В Луанде все наоборот: февраль – самый жаркий месяц, пора карнавала; а июль – самый холодный, хотя по-настоящему холодно здесь никогда не бывает. Мне нравится луандский климат: погода если и шепчет, то во всяком случае не нашептывает никаких тяжелых и бесполезных воспоминаний. Я приехал сюда в мае, когда сезон дождей близился к концу. Было влажно, но это была совсем другая влага, чем в Нью-Йорке: пар, поднимавшийся от земли, был наполнен запахами рыбы, пальмового масла и смеси трудно опознаваемых специй. Корица, гвоздика, что-то еще. Меня встретили в аэропорту и привезли в гостиницу в Талатоне, вполне соответствовавшую американским стандартам. На первом этаже располагался внутренний дворик с бассейном. Кокосовые пальмы шелестели веерами листьев над столиками, за которыми сидели парадно одетые африканцы, бизнесмены и бизнесвумены новой Анголы, а также их деловые партнеры – не столь парадно одетые иностранцы. Казалось, никакой шум города, да и вообще никакое движение жизни за пределами этого отеля не может нарушить тишину, оркестрованную приглушенными разговорами за столиками вокруг бассейна. Я заказывал сначала капучино, затем бокал красного вина, затем снова капучино. Тянул один напиток за другим, беззастенчиво разглядывая всех этих людей, которым не было до меня никакого дела. Было спокойно и скучно, и было страшно даже подумать о том, что в какой-то момент надо будет встать из?за столика, выйти в город, с кем-то заговорить, выйти на работу, начать новую жизнь. То, ради чего я сюда ехал, теперь пугало меня, как не пугало ничто в моей взрослой жизни. Только в детстве бывали такие парализующие страхи. Например, когда через два месяца после нашего приезда в Америку мать вывела меня на прогулку и вдруг затараторила полушепотом: «Слушай, а может, давай вернемся в Ленинград, а? Будем жить у бабушки, у нее, конечно, места не очень много, но мы как-нибудь разместимся. Только ты и я, Вадь. Папа останется тут, а мы с тобой вернемся. А? Поселимся у бабушки. А? Хочешь?» И так же, как тогда, я сейчас чувствовал: единственное, что было бы еще страшнее, чем оставаться здесь, это – вернуться назад. Поэтому я продолжал сидеть за столиком возле бассейна, чередуя вино и капучино. Так прошли первые три дня моей жизни в Луанде. На четвертый день за мной заехал Синди и повез показывать город.
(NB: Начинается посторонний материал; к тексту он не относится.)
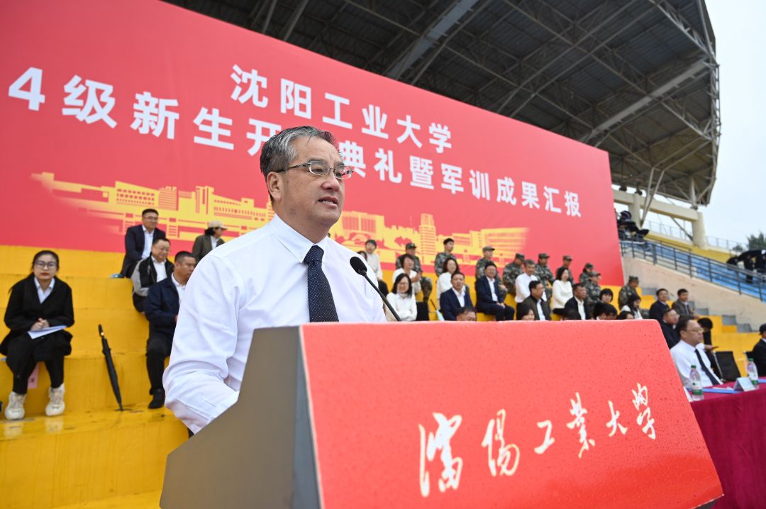 9月14日,2024级新生开学典礼暨军训成果汇报在南区体育场举行。校领导贾玉明、张珂、陈延明、陈卫国、柯丽、夏明超出席大会,党委常委、副校长孙秋野主持活动。学校相关职能部门负责人、各二级学院党政负责人、学生工作干部、军训教官、2024级全体学生参加大会。会议特别邀请了沈阳警备区战备建设处副处长陈知阳,我校2009届电气工程学院博士毕业生、正泰电气股份有限公司副总裁、教授级高级工程师李锦彪校友出席。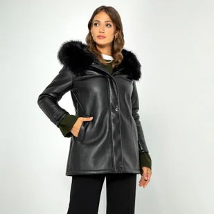 Skład: Materiał zewnętrzny: 100% skóra ekologiczna; podszewka: 100% poliester, sztuczne futro: 100% poliester. Odkryj nową definicję elegancji i wygody z naszą kurtką z ekoskóry – Twoim nowym ulubionym elementem garderoby!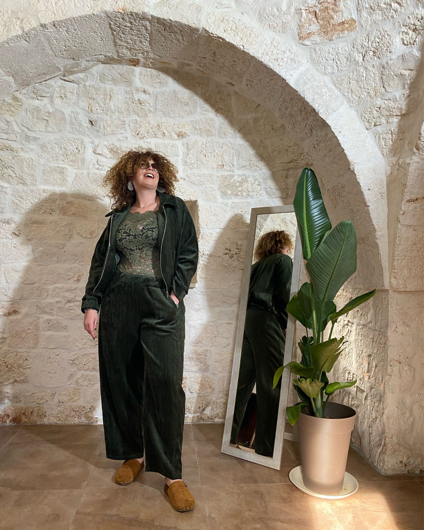 Indossare la maglia in pizzo verde curvy significa sentirsi eleganti e sicure in ogni occasione. Ogni dettaglio è pensato per esaltare la femminilità con stile e raffinatezza.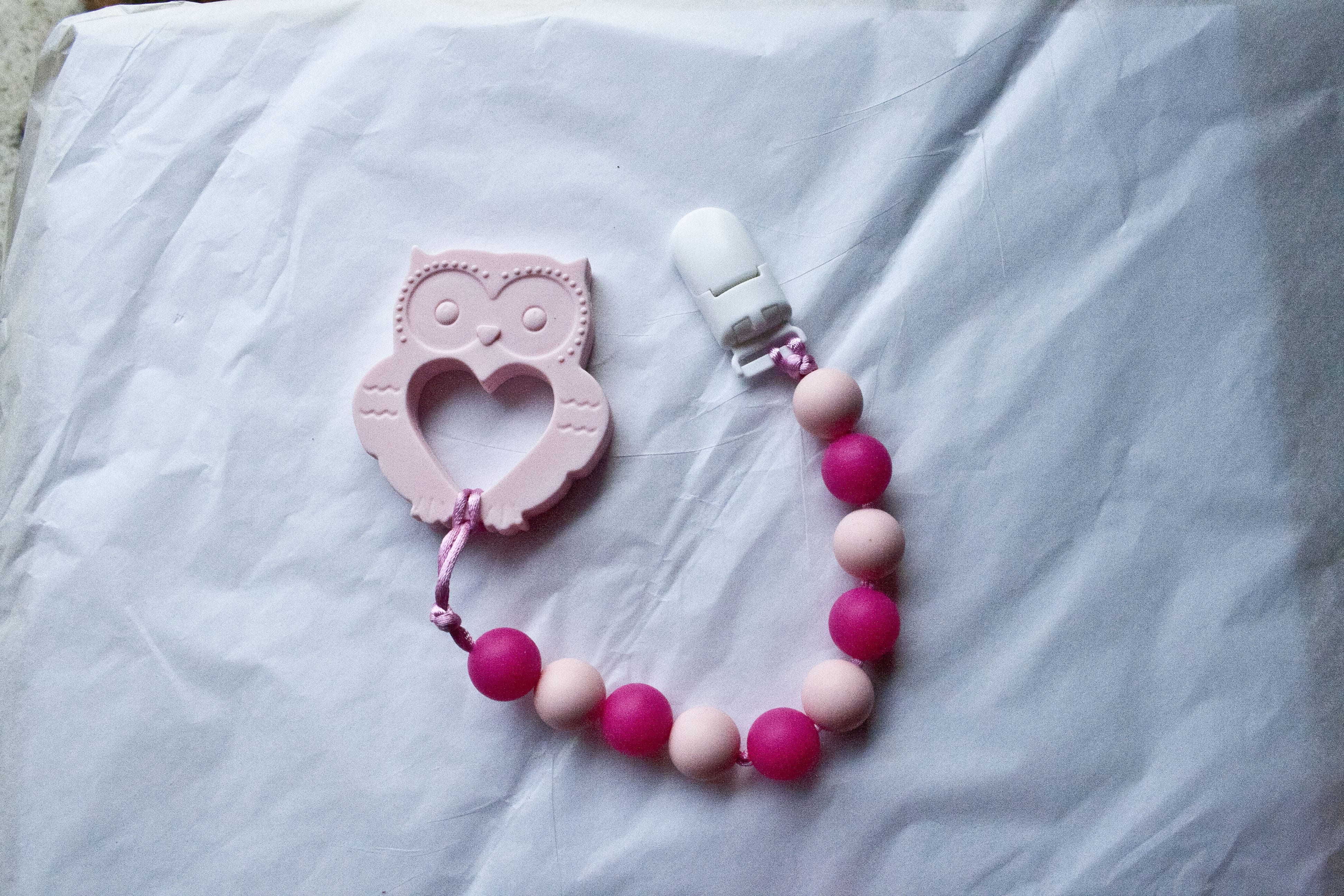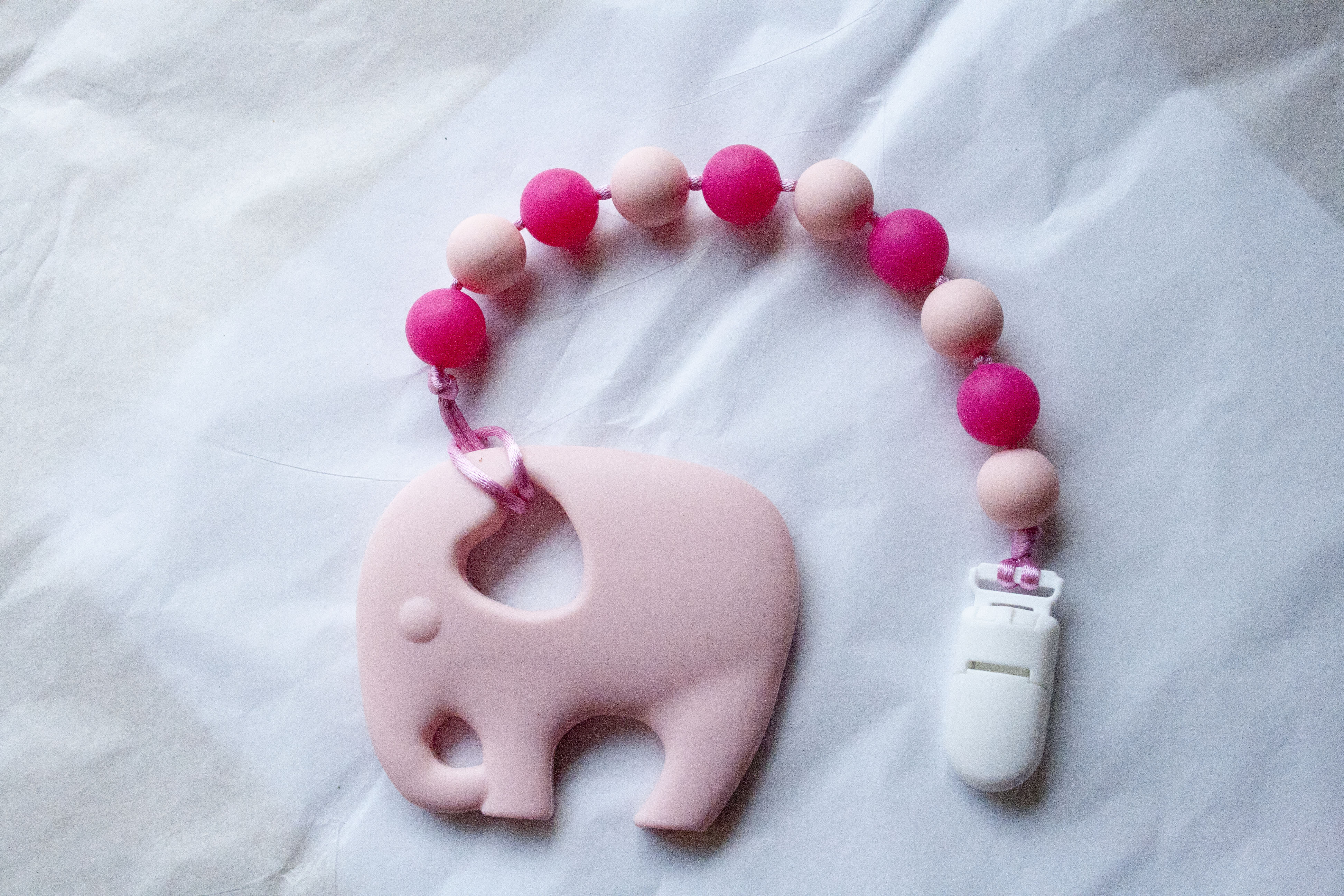 These Pacifier Teething Clips are made with kitchen safe silicone. They are safe for teething and are great for pacifies.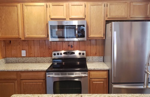 Newly remodeled and updated, you’re sure to be quite comfortable. Featuring 2 bedrooms (King bed in master down/queen bed upstairs) and 2 baths plus a queen sized sleeper sofa. Dish on a 55” HDTV and free high-speed WiFi. Netflix, YouTube and Amazon are available. Set the temp to your liking, prop your feet and relax!

«Дэмиен? Очень приятно, я Синди. Прошу прощения, что не приехал раньше. Я был на юге, в Лубанго, ездил туда на машине. Большая ошибка. Обратный путь занял втрое дольше, чем предполагалось. Из Лубанго в Бенгелу, а оттуда через Южную Кванзу обратно в Луанду. Везде блокпосты, дороги в ужасном состоянии. При таком количестве иностранных инвестиций могли бы уже привести в порядок. Вы голодны? Нет? Продержитесь до ужина? Вот и хорошо».

На улице перед отелем мы застали шумное действо. «Здесь вечно что-нибудь празднуют, – пояснил Синди. – Скоро привыкнете. Что ни день, какой-нибудь локальный праздник с кизомбой[28 - Кизомба – традиционный ангольский стиль музыки и танца.] и угощением прямо на улице. Фунж и муамба[29 - Муамба – пальмовый соус, в котором готовится курица или мясо.] в котлах и так далее». При ближайшем рассмотрении действо оказалось показательным выступлением учеников студии «Капоэйра Луанда». Ученики – черные, белые, мулаты – демонстрировали бразильское боевое искусство под перкуссию и песнопения – скорее в африканском, чем в бразильском стиле. Один из участников выступления – судя по всему, тренер – подошел ко мне и по-английски спросил, откуда я приехал. Я с готовностью ответил отрепетированной португальской фразой: «Эу соу душ Штадуз Унидуш»[30 - Я из Соединенных Штатов.]. Этот ответ почему-то очень позабавил ангольца. Есть такой тип африканского лица: оно кажется суровым, может, даже неприятным, пугающим – до тех пор, пока ты не увидишь его расплывшимся в улыбке. И с того момента, как возможность улыбки проявит себя, лицо навсегда преображается и кажется уже не суровым, а просто выразительным и по-своему красивым. Мне запомнилось лицо тренера капоэйры. Я подумал, что в окружении таких лиц, пожалуй, можно будет жить.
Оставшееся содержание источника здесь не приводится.